LINE is the dominant messaging app in Japan, Taiwan, and Thailand. We added a full LINE adapter — 862 lines of gateway code with webhook handling, message formatting, and session management. It joins Telegram and WhatsApp as a supported messaging channel.

The gateway architecture we built for the sandbox bet made this straightforward. Each messaging platform gets an adapter that translates platform-specific messages into our internal format. Adding LINE took three days instead of three weeks because the hard abstraction work was already done.

What’s next

v3.0 is the foundation. The skills-first architecture means we can add capabilities without adding agents. The A2A protocol means external apps can consume those capabilities. The 4-column UI means we have room to build without rewriting.

Next up: skill marketplace (let users publish and share skills), workspace templates (pre-configured agent setups for common workflows), and deeper A2A integrations with partner platforms. We’re also looking at voice — the LINE gateway proved our adapter pattern scales, and voice is just another adapter.

Eighty-seven commits in two weeks. Nineteen agents deleted. One agent that actually works.

Questions about v3.0

Why consolidate 19 agents into one?

Users didn't know which agent to pick. A social media manager agent, a code reviewer agent, a research agent — it sounds organized on paper, but in practice people just wanted to ask a question and get a good answer.

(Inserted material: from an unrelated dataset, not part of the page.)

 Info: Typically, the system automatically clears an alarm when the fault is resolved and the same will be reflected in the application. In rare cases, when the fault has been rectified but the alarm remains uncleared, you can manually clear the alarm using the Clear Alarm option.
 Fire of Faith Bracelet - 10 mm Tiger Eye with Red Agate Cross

One agent that discovers the right skill for the job is simpler and more powerful than 19 specialists you have to manually route between.

What's the A2A protocol and why does it matter?

Agent-to-Agent is a protocol for AI agents to talk to each other across platforms. With A2A support, your LikeClaw agents can be called by external apps — AI Native Chat, custom integrations, other agent platforms. It's the beginning of agents as interoperable services, not walled-garden chatbots.

Is the robot assembly onboarding just cosmetic?

No. Every choice you make during assembly creates a real agent. Pick Claude Sonnet as the brain, attach web search and code execution tentacles, connect your Google account — and the agent you built is the agent you use. It's configuration disguised as a game.

How does the Claude Code CLI improve background tasks?

OpenCode had a 120-second bash timeout that killed long-running tasks. Claude Code CLI doesn't have that limitation. On our benchmark, successful task completion went from 10+ minutes (with frequent failures) to 3.5 minutes. It's not a marginal improvement — it's a different class of reliability.